====== DATA PROVIDED ======

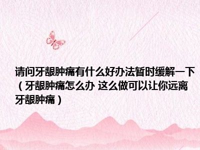 目前大家应该是对牙龈肿痛怎么办 这么做可以让你远离牙龈肿痛比较感兴趣的,所以今天小编CC就来为大家整理了一些关于牙龈肿痛怎么办 这么做可以让你远离牙龈肿痛方面的相关知识来分享给大家,希望大家会喜欢哦。
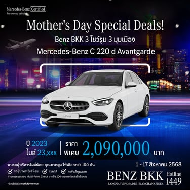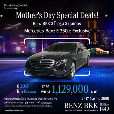 ข้อเสนอสุดพิเศษ ฉลองวันแม่ 7–17 สิงหาคม 2568 ที่โชว์รูม 3 มุมเมือง บางนา – วิภาวดี – กาญจนาภิเษก กรุงเทพฯ – 8 สิงหาคม 2568 – Benz BKK Group ผู้แทนจำหน่ายและศูนย์บริการรถยนต์ Mercedes-Benz อย่างเป็นทางการ จัดแคมเปญ “Mother’s Day Special Deals!” ฉลองเทศกาลวันแม่ มอบข้อเสนอสุดคุ้มให้ลูกค้าที่ต้องการเป็นเจ้าของรถยนต์ Mercedes-Benz Certified รถเบนซ์มือสองคุณภาพมาตรฐานเยอรมัน ระหว่างวันที่ 7–17 สิงหาคม 2568 ครอบคลุมทั้ง 3 สาขา บางนา, วิภาวดี และกาญจนาภิเษกไฮไลต์แคมเปญ Mother’s Day Special Deals!
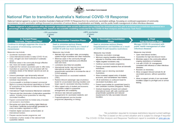 16歳以上のオーストラリアの人口の70%が2回接種したらフェーズBに移行し、80%が2回接種したらフェーズCに移行します。
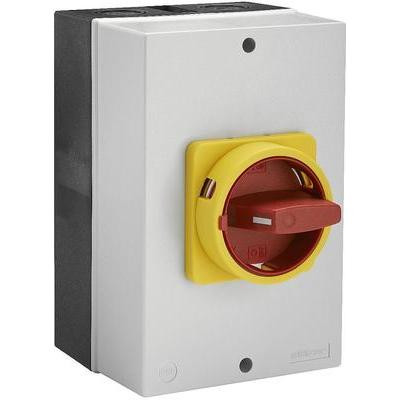 Interruptor Seccionador Paro de Emergencia de 3 polos hasta 63A/22KW en Cofre de Plástico IP66 con Mando Amarillo-Rojo Bloqueable por hasta 3 candados en posición OFF

======

Please write out all the data word for word, but keep every picture out.

 目前大家应该是对牙龈肿痛怎么办 这么做可以让你远离牙龈肿痛比较感兴趣的,所以今天小编CC就来为大家整理了一些关于牙龈肿痛怎么办 这么做可以让你远离牙龈肿痛方面的相关知识来分享给大家,希望大家会喜欢哦。
 ข้อเสนอสุดพิเศษ ฉลองวันแม่ 7–17 สิงหาคม 2568 ที่โชว์รูม 3 มุมเมือง บางนา – วิภาวดี – กาญจนาภิเษก กรุงเทพฯ – 8 สิงหาคม 2568 – Benz BKK Group ผู้แทนจำหน่ายและศูนย์บริการรถยนต์ Mercedes-Benz อย่างเป็นทางการ จัดแคมเปญ “Mother’s Day Special Deals!” ฉลองเทศกาลวันแม่ มอบข้อเสนอสุดคุ้มให้ลูกค้าที่ต้องการเป็นเจ้าของรถยนต์ Mercedes-Benz Certified รถเบนซ์มือสองคุณภาพมาตรฐานเยอรมัน ระหว่างวันที่ 7–17 สิงหาคม 2568 ครอบคลุมทั้ง 3 สาขา บางนา, วิภาวดี และกาญจนาภิเษกไฮไลต์แคมเปญ Mother’s Day Special Deals!
 16歳以上のオーストラリアの人口の70%が2回接種したらフェーズBに移行し、80%が2回接種したらフェーズCに移行します。
 Interruptor Seccionador Paro de Emergencia de 3 polos hasta 63A/22KW en Cofre de Plástico IP66 con Mando Amarillo-Rojo Bloqueable por hasta 3 candados en posición OFF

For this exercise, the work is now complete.